A 50! -Autoklav is with 4 kg of sucrose, 1 kg of alkaline foam polyether alcohol based on sucrose, glycerol, propylene oxide with the following characteristics:

Residual water content = 0.2 % HpO residual alkalinity 0.28% KOH

Residual content of alkylene oxide = 0.11 % PO

and 80 g KOH (solid) filled, purged with nitrogen and brought to a reaction temperature of 125 ⁰ C. At this temperature and gentle nitrogen pressure, the mixture is stirred for one hour. Thereafter, starting with the addition of propylene oxide, wherein the mixture for better eaktionsma3se ^R is pumped. Hach introduction of 10 kg of propylene oxide, the polyether alcohol is left for a further 2 hours at a temperature of 120 to 130 ⁰ C in the reactor and filled after cooling to 60 ⁰ C. The polyether alcohol is treated with H ₃ PO. cleaned, the volatile impurities are removed by vacuum distillation and the resulting salts are filtered off. The result is a polyether alcohol with the following characteristics:

Hydroxyl number = 480 mg KOH / g

Acid number = <0.1 mg KOH / g

Water content = <0.1 %

Viscosity b. 25 ⁰ C "5800 m Pas

Example 2

2 kg of sucrose, 500 g of glycerol, 500 g of alkaline Rohpolyetheralkohol prepared according to Example 1 with the following parameters:

Residual water content = 0.5 % HpO

Residual alkalinity «0.32 % KOH

Residual content of alkylene oxide = 0.2 % PO

and 40 g of KOH (solid) are placed in a 4 l three-necked flask with reflux condenser and stirrer and stirred for 1 hour at 110 ⁰ G, while constantly purging with nitrogen.

The result is a highly viscous, partially anpropoxyliertes starter substance mixture, which is brought under a nitrogen atmosphere in a 10 1 reactor to a reaction temperature of 125 ⁰ C.

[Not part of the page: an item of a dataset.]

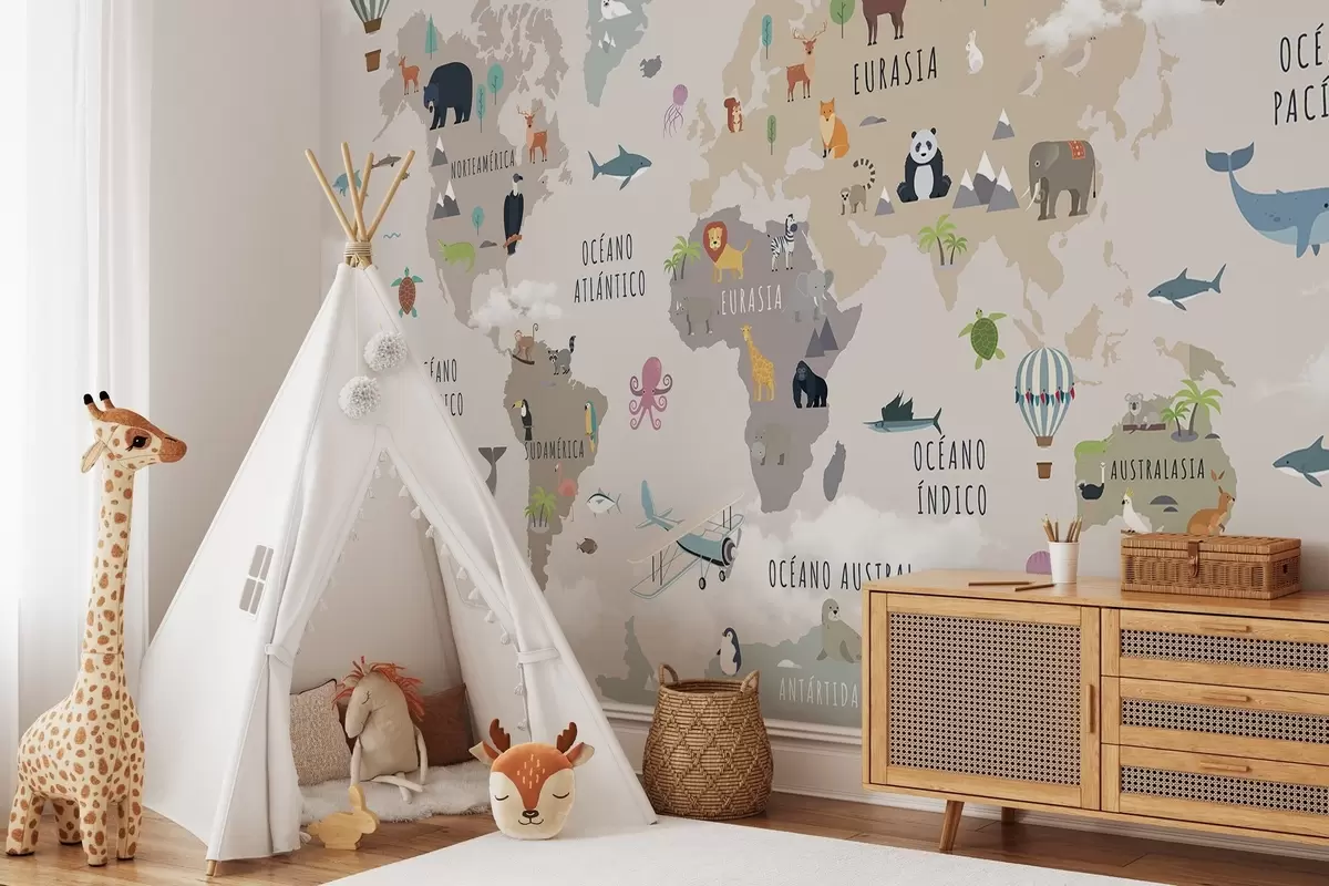 Fototapety Detská mapa sveta so zvieratami a teplovzdušnými balónmi. Španielsky jazyk Nr. c00002es

Within 2 hours 2 1 of ethylene oxide and after a short stabilization phase in a period of 3 hours 2 1 propylene oxide is metered. The reaction mixture is kept at a temperature of 120 to 130 ⁰ C and the pressure up to 0.55 MPa.

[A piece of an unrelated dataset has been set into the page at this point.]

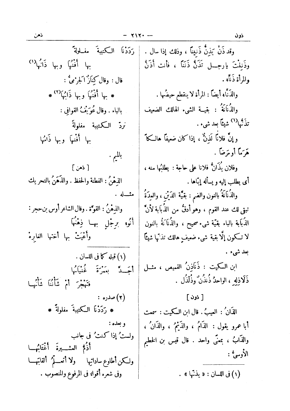 وقد ذَنَّ يَذِنُّ ذَنيناً، وذلك إذا سال. وذَنِنْتَ يا رجل تَذَنُّ ذَنَناً، فأنت أَذَنُّ والمرأة ذَنَّاءُ. والذَنَّاءُ أيضاً: المرأة لا ينقطع حيضها. والذنانة: بقية الشئ الهالك الضعيف تذنها (¬1) شيئا بعد شئ. وإنَّ فلاناً لَذِنٌّ، إذا كان ضعيفاً هالكاً هَرَماً أو مَرضاً. وفلان يُذانُّ فلاناً على حاجة: يطلُبها منه، أي يطلب إليه ويسأله إيّاها. والذُنانَةُ بالنون والضم: بقيَّة الدَيْنِ، والعِدَةُ تبقى لك عند القوم، وهو أدقُّ من الذُبابة لأنَّ الذُبابة بالباء بقيّة شئ صحيح، والذنانة بالنون لا تكون إلا بقية شئ ضعيف هالك تذنها شيئا بعد شئ. ابن السكيت: ذناذن القميص، مثل ذَلاذِلِهِ، الواحدُ ذُنْذُنٌ وذُلْذُل.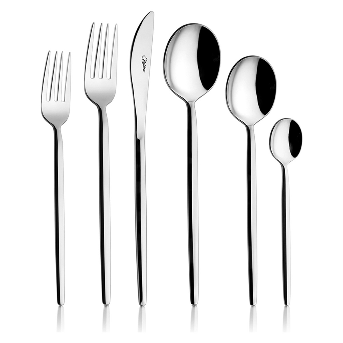 Ürünümüz 18/10 CR/NI paslanmaz çelikten üretilmiş olup 6 kişiliktir. Bulaşık makinesinde hassas programda güvenle yıkanabilir. Yıkama sonrasında kuru bir bez ile kurulanması tavsiye edilir. Ürünümüz tamamen yerli üretimdir ve 50 yıl fabrikamız garantisi altındadır. 6 Ad. Yemek Kaşık 5 mm 6 Ad. Yemek Çatal 5 mm 6 Ad. Yemek Bıçak 6 mm 6 Ad. Tatlı Çatal 4 mm 6 Ad. Tatlı Kaşık 4 mm 6 Ad. Çay Kaşık 3,5 mm Kutu Boyutu: 42 cm x 24 cm x 5,5 cm Kutu Ağırlığı: 2,24 kg

Subsequently, the polyether alcohol is neutralized with aqueous hydrochloric acid. The volatile constituents, in particular water, are removed by means of nitrogen stripping and the KCl formed is filtered off through a pressure filter

 The result is a polyether alcohol with the following characteristics:

Hydroxyl number 515 mg KOH / g

Acid number <tO, 1 mg KOH / g

Water content = ^ 0.1 % ·

Viscosity ш 17 300 m Pas

Implementation Example β

2 kg of highly viscous hydroxyethylglucoside with a residual content of ethylene glycol of <1%, 1 kg of alkaline crude polyether alcohol with the following parameters:

Residual water content = 0.3 % HpO residual alkalinity = 0.4 % KOH

Residual content of alkylene oxide = 0.4% PO

and 50 g of KOH (solid) are placed in a 4 1 flask, purged with nitrogen, brought to a mixing temperature of 120 ⁰ C and stirred for 1 hour at this temperature. The starting substance mixture thus obtained is introduced into a 10 1 autoclave, brought to a reaction temperature of 130 ⁰ C and

added within 5 hours with 5 kg of propylene oxide. The reaction mixture is maintained at a temperature of 120 ⁰ C to 130 ⁰ C and at a pressure up to 0.6 MPa. After cooling to 80 ⁰ C, the alkaline polymer is usually neutralized with hydrochloric acid and separated from the volatiles and the salt. The result is a P.olyetheralkohol with the following characteristics:

Hydroxyl number a 420 mg KOH / g

Acid number - с 0.1 mg KOH / g

Water content β < 0.1 %

Viscosity = 13 400 ra Pas

Claims (3)

Erfindunpsansprüche 1, Process for the preparation of polyether alcohols by reacting a starter substance mixture consisting of a solid or high viscosity starter, a polyether alcohol additive and a coinitiator, at temperatures of 100 ⁰ C to 120 ⁰ C in the presence of a basic catalyst with alkylene oxides, characterized in that Polyether alcohol additive a special alkaline crude polyether alcohol having a total alkalinity of 0.1 % KOH to 5.0 % KOH, a molecular weight of 300 to 1200, a functionality 7 3 "a residual content of at least 0.1% alkylene oxide and at least 0.1 % water, is used. 2 · Method according to item 1, characterized in that the total alkalinity in Rohpolyetheralkohol is preferably 0.1 % KOH to 1.0 % KOH. 3, method according to item 1, characterized in that between solid or highly viscous starting substance and the Rohpolyetheralkohol a mixing ratio of 10: 1 to 1: 1, preferably 5: 1 to 1: 1, consists.